In what world do AI scrapers actually pay for data? #24

quat1024 · 2025-06-26T13:48:07Z

quat1024
Jun 26, 2025

AI scrapers are known to:

Routinely DDOS websites.
Use residential IP addresses.
Use misleading User-Agents.
Randomize their User-Agent.
Use these evasive measures more frequently if they believe they are being blocked or served garbage.

Previously, when I was serving the Bee Movie, they just visited a few URLs they found links to somewhere else on the internet, and then they left - for a bit, then came back from residential IPs and unidentifiable user agents.

This is the ecosystem in which projects like anubis and go-away exist. Users of these tools are not necessarily against AI training using content on their website. But in the current ecosystem it is not practical to allow AI scrapers anywhere within ten feet of their website because this is how they behave.

They behave like this because it is cheap. Violating robots.txt is cheap, violating unwritten rules about user-agents is cheap, renting residential IPs is an acceptable cost of doing business. Any and all social barriers to delicious content are ignored; they only don't bother trying to pass anubis challenges because it is economically expensive to do so.

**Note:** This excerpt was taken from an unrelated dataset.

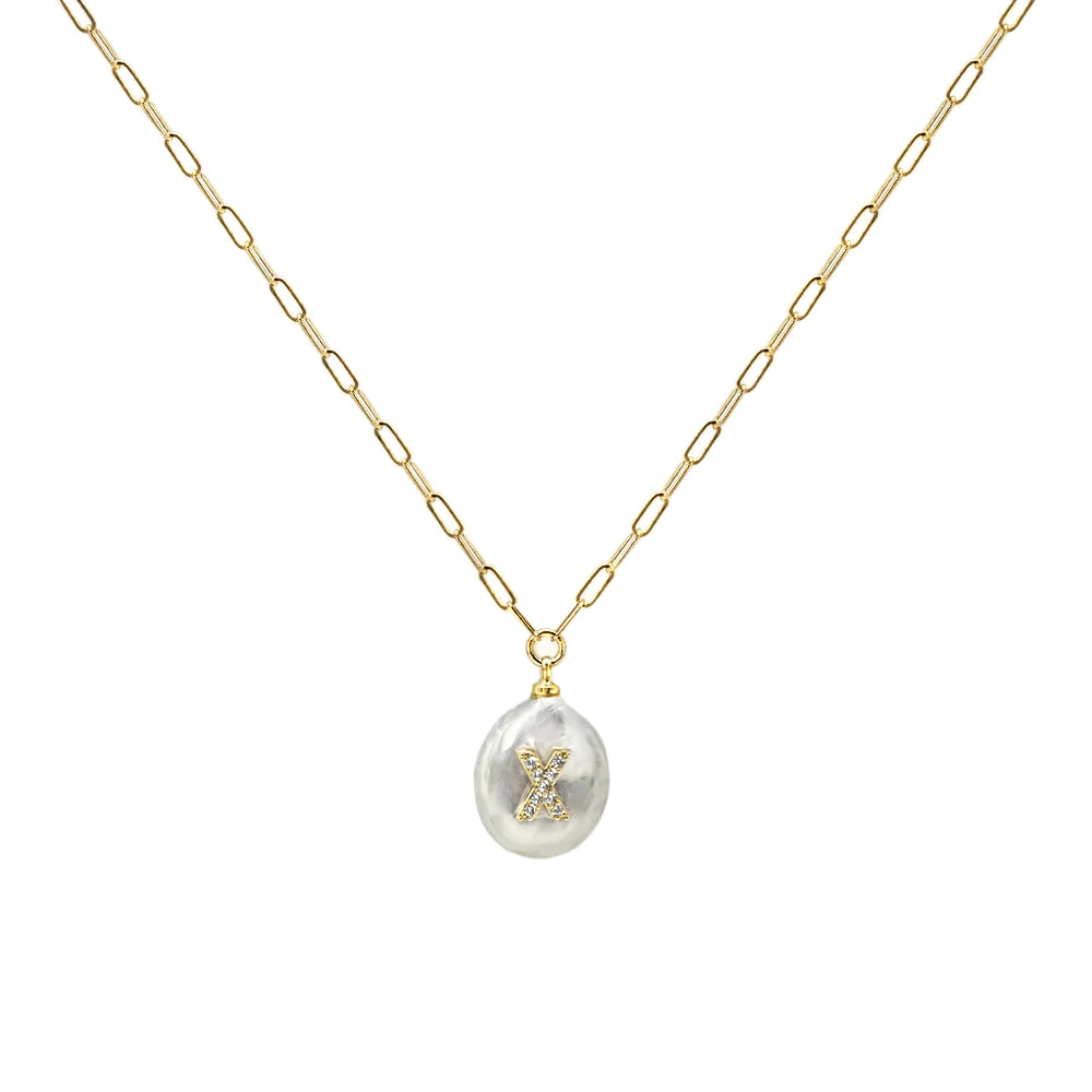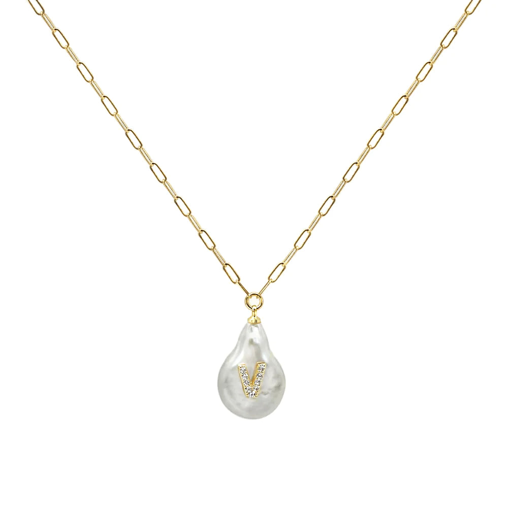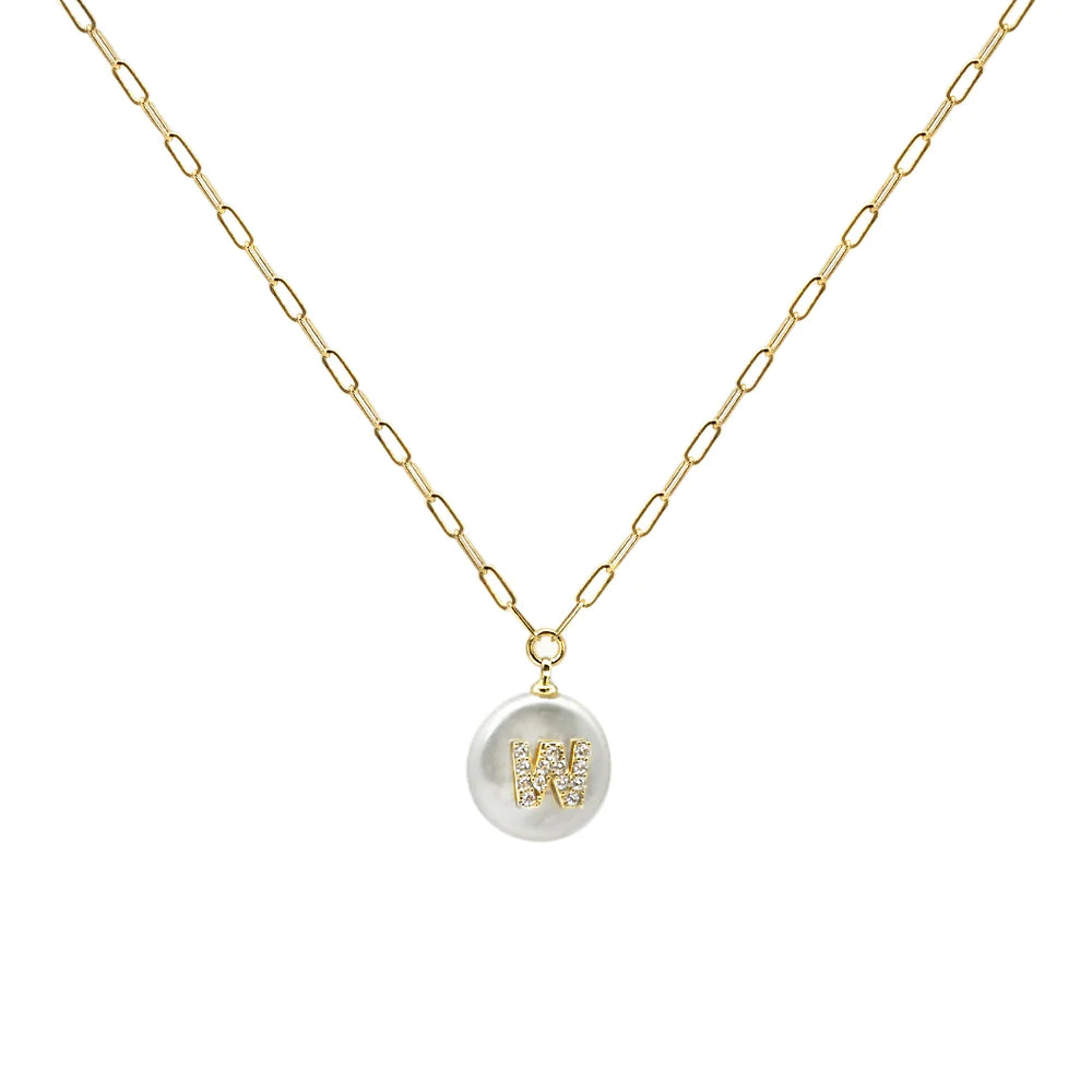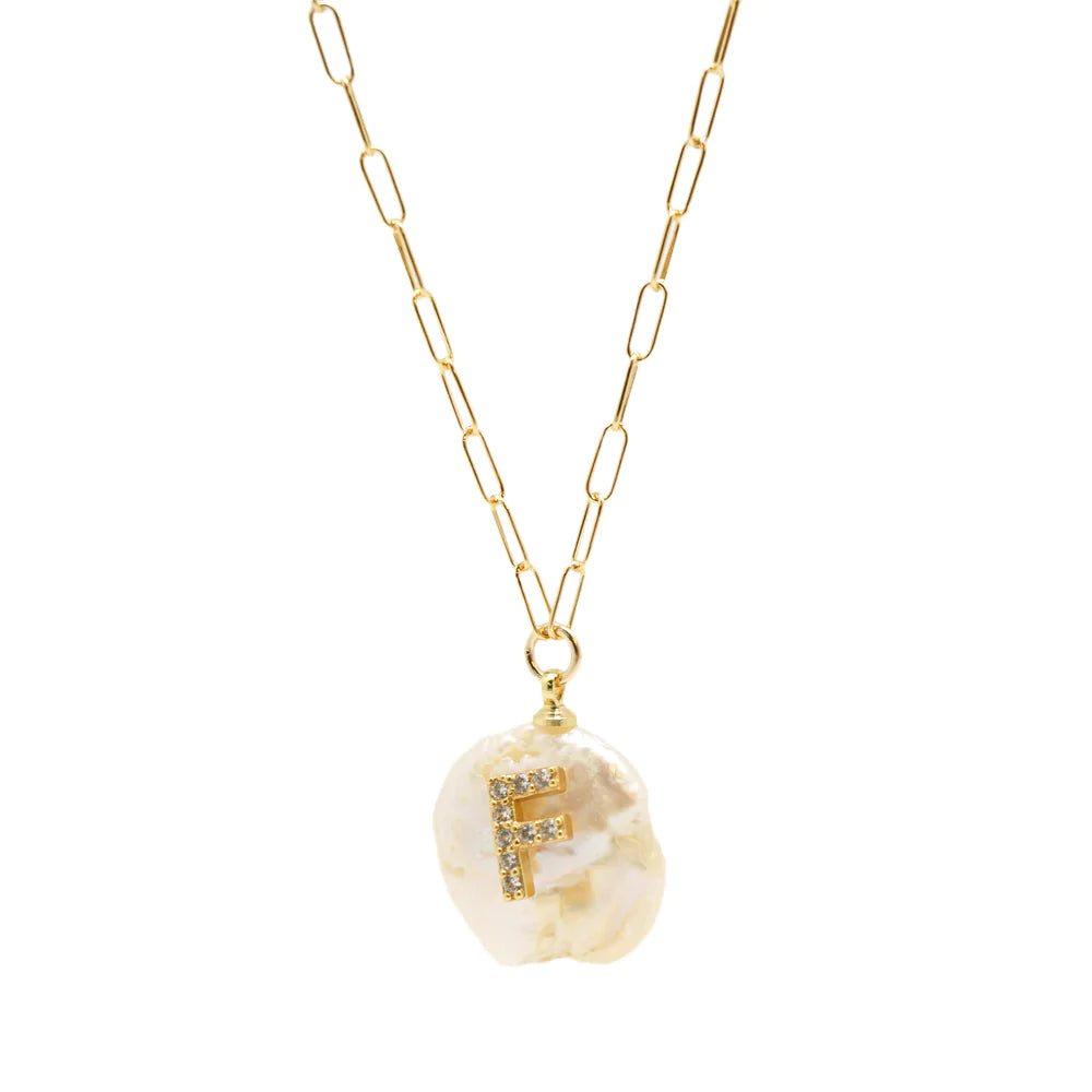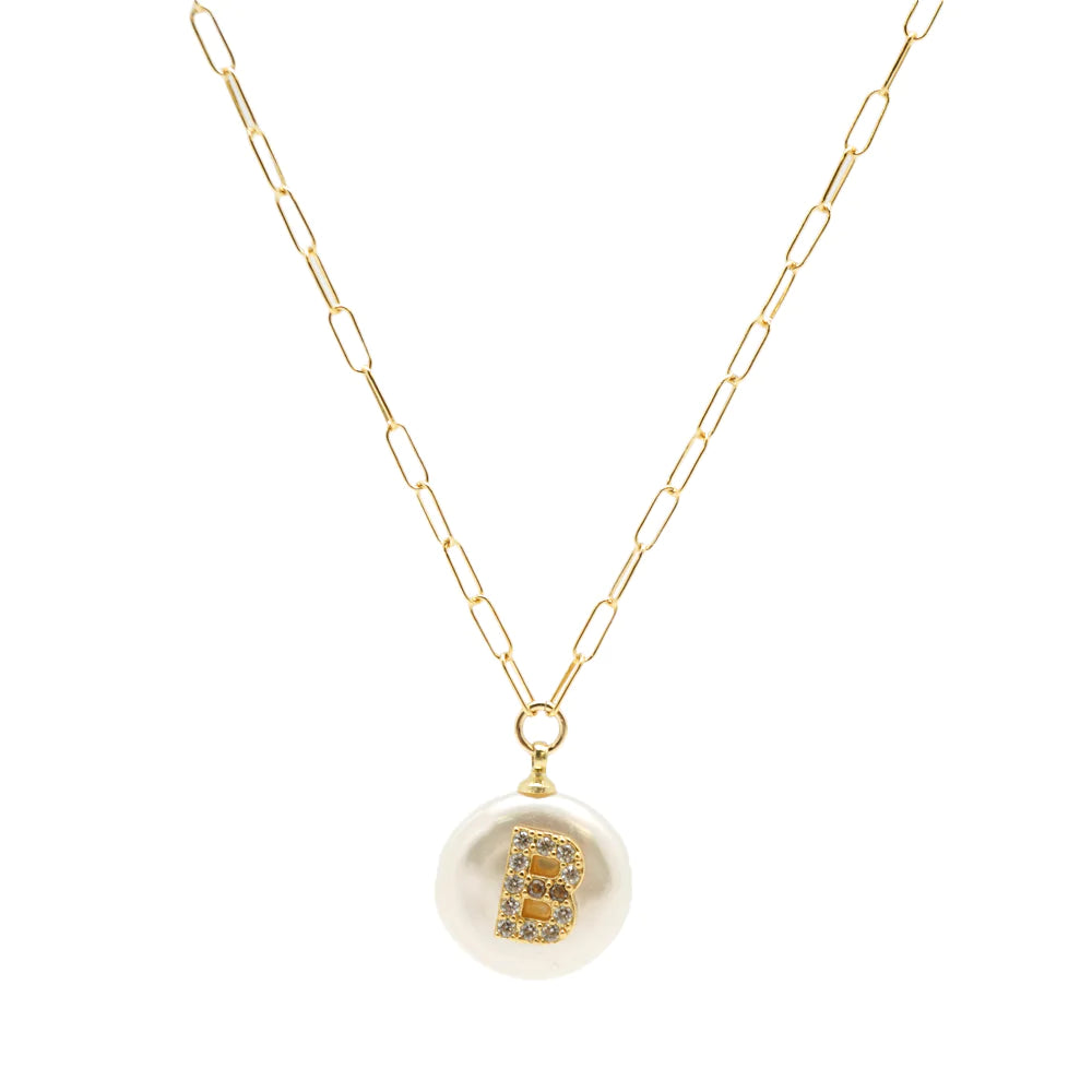 Introducing the exquisite Lucia Pearl Necklace - a one-of-a-kind piece of jewelry that is sure to capture your heart. This stunning design features a lustrous freshwater pearl with an initial delicately mounted on it. The beauty of this necklace lies in the fact that each pearl is unique, ensuring that every piece is a true original. Please note that due to the natural variations in the pearls, the shape of the pearl in your necklace may differ slightly from the one shown in the picture.

Given this is the ecosystem we are in, what is the economic reason for an AI scraping outfit to give a single shit about:

Direct Contribution: You must provide monetary or in-kind support to the Declaring Party for their development and maintenance of the assets, based on a good faith valuation taking into account your use of the assets and your financial means.

Why bother paying when you already have the data? (Seemingly worked out for Meta!)
Why bother paying when your competitors who don't pay will be at an advantage?
Why bother paying when you can just reroll your IP and User-Agent, and the Declaring Party won't know who you are?

Quoth the report:

[...] However, we see many reasons to
believe that uptake is likely.

For one thing, there is precedent. Although adherence hasn’t always been perfect, robots.txt
functioned for many years as a way to encode normative expectations about—and help
maintain the social contract for—machine reuse of content on the web.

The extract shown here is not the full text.